Start of Block

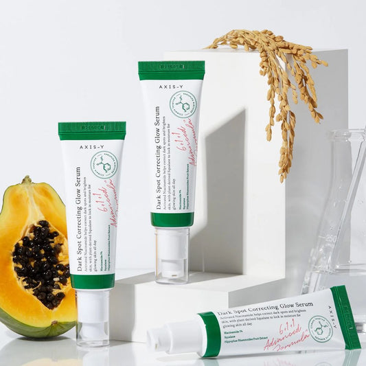 • AXIS-Y Dark Spot Correcting Glow Serum in schöner Verpackung, ideal für Hautaufhellung und Niacinamid Anwendung.
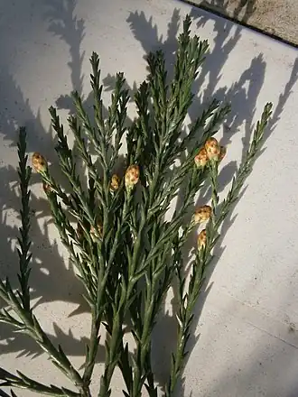 Folhas com cones masculinos fechados.
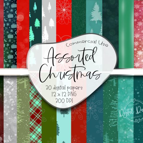Christmas Digital Paper – assorted patterns for instant download commercial use printable scrapbook paper

End of Block

Return the material in full and unaltered, minus its pictures.

 • AXIS-Y Dark Spot Correcting Glow Serum in schöner Verpackung, ideal für Hautaufhellung und Niacinamid Anwendung.
 Folhas com cones masculinos fechados.
Christmas Digital Paper – assorted patterns for instant download commercial use printable scrapbook paper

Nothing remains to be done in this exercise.